General Electric shock and after

19 Apr 2008

It is not everyday that a company sheds nearly $45 billion in market capitalisation. There are not many companies with that kind of market value anyway for that matter. This jaw- dropping crash befell the General Electric stock last week, when the company's quarterly profits fell short of analyst expectations and the profit forecast for the current year was cut. The stock fell 12.8 per cent that day, its worst single day decline since Black Monday, 1987.

GE's results triggered yet another wave of panic in the financial markets as analysts became more convinced that credit market troubles are deeper than expected. More are now willing to buy the argument that credit troubles have started affecting areas of the economy which were earlier considered insulated and it will be a while before the global economy shakes off the after-effects of the ongoing crisis. (See: GE downed by credit woes in Q1 2008; reports first decline in profits since 2003)

Why the surprise hurt so much
On the face of it, it is surprising that the weak numbers from General Electric surprised so many. After all, GE derives more than half of its profits from financial services and this is not exactly a period of soaring profits for financial services firms. The company's financing arm, GE Capital Services, is just another giant financial services firm with businesses ranging from commercial finance to credit cards. GE Capital escaped heavy bruising until now as it did not have much exposure to mortgage-backed securities like the big banks and securities firms.

But, GE Capital couldn't fully escape the ravages of the liquidity squeeze. The division couldn't complete some real estate and other transaction during the last weeks of March, presumably because lack of liquidity deterred potential buyers. GE also wrote down its investment portfolio, including securitised assets, by $270 million for the quarter. That seems peanuts when compared to the billions of dollars written off by big banks. But, GE was not expected to have a rough day at all.

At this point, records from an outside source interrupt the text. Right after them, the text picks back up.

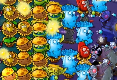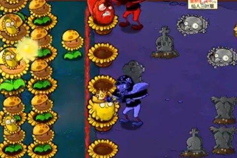4、继续在左侧补充一列阳光向日葵,在右侧种植一个寒冰豌豆坚果进行输出。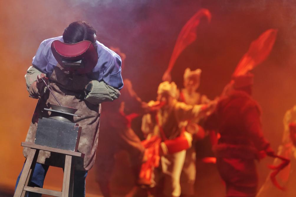 导演黄定山介绍,剧中现代工业风格的舞美力求让观众仿佛置身于真实的焊接车间,亲身感受工人们的坚守、奋斗和创新;安塞腰鼓和陕西信天游等传统民俗元素,力求让舞台充满浓郁的乡土气息。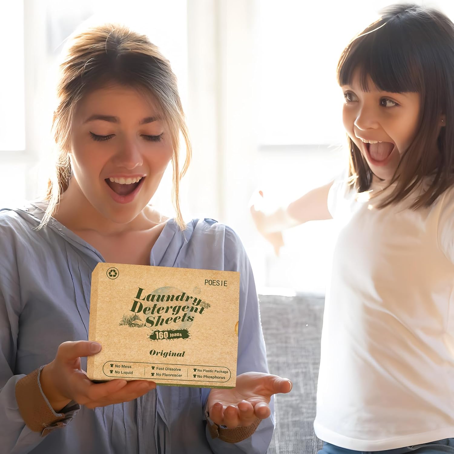 Poesie Laundry Detergent Sheets Original(Rainy Glass) Scent 160 Count Camping Hiking RV Trip Liquidless Clothes Laundry Detergent Strips for Travel Hotel Sink Dorm Home Outdoor

Jeffrey ImmelIn the words of Jeffery Immelt, GE CEO, ''the last two weeks in March were a different world in financial services''. Yet, much of the disappointment was Immelt's own making. Until mid-March, the CEO of the world's premier industrial conglomerate was very confident that his company would meet its profit targets.

He presented a 10-per cent profit growth forecast for 2008 as a fait accompli, by claiming early this year that it is 'in the bag'. That forecast has now been cut in half. The results and the revised forecast showed that even Immelt was clueless about his company's performance, barely two weeks before the close of the quarter.

JAck WelchImmelt has a 'credibility problem', according to his mentor, predecessor and GE's high-profile former CEO Jack Welch. ''Here's the screw-up: You made a promise that you'd deliver this, and you missed three weeks later'', Welch said. GE CEO's are supposed to do better than that. ''I'd get out a gun and shoot him if he doesn't make what he promised now'', Welch promised.

''We let people down. That's not what we want people to expect of GE. We hate disappointing investors. It's not part of the company. It's not part of the culture. We take accountability for that'', Immelt owned up.

It ain't no ordinary company
Now, GE is not any other company to dismiss an unexpected downward shift in its business fortunes as inconsequential. It is the most diversified multinational, with a finger or toe on everything from aircraft engines to small-ticket consumer loans and television broadcasting. GE is the closest corporate proxy to the global economy one can get – if the global economy is doing well, GE will do well and vice versa. Just as Citibank's troubles heralded the deep crisis that has engulfed banks and financial services companies, many now fear that GE's difficulty in meeting its numbers will be repeated across other similar businesses.

Most investors had looked at GE as a safe hedge against the slowing US economy. The company's expanding reliance on overseas businesses was expected to shield its performance. Overseas revenues of GE exceeded US revenues for the first time recently, helped by strong global demand for capital equipment and infrastructure assets. These positive factors helped the stock outperform the broad market, until the big fall last week.

The real worry signs
It is not the unexpected weakness in GE Capital Services that is troubling analysts and observers, but the rather muted performance at the company's industrial divisions. Healthcare and industrial businesses reported a decline in profits while the media and entertainment division NBC Universal reported a marginal growth in its bottom line.

GE's infrastructure business was the lone bright spot with a 17 per cent profit growth, helped by strong global demand for industrial equipment. Even here, order book growth has moderated and margins have come down – indicative of the company's difficulty in passing on higher input costs to customers.

Is the slowdown in GE's infrastructure business indicative of a wider decline in global economic growth? So far, the revised global growth projections have accounted for only a modest decline – mostly because of the decline in consumer demand in developed economies. The collateral damage to fast growing economies like China and India were thought to be modest. Infrastructure investments in these countries were expected to expand at a rapid pace. If other global capital equipment suppliers also report a decline in order book growth, these assumptions will have to be revised.

In India, we have already seen a decline in capital goods output growth in recent months. Unless the recovery in February industrial growth extends to subsequent months, it may mean that the growth slowdown may be deeper than current forecasts. More significantly, any sustained decline in capital investment growth would mean that the global downturn may last much longer than most now expect.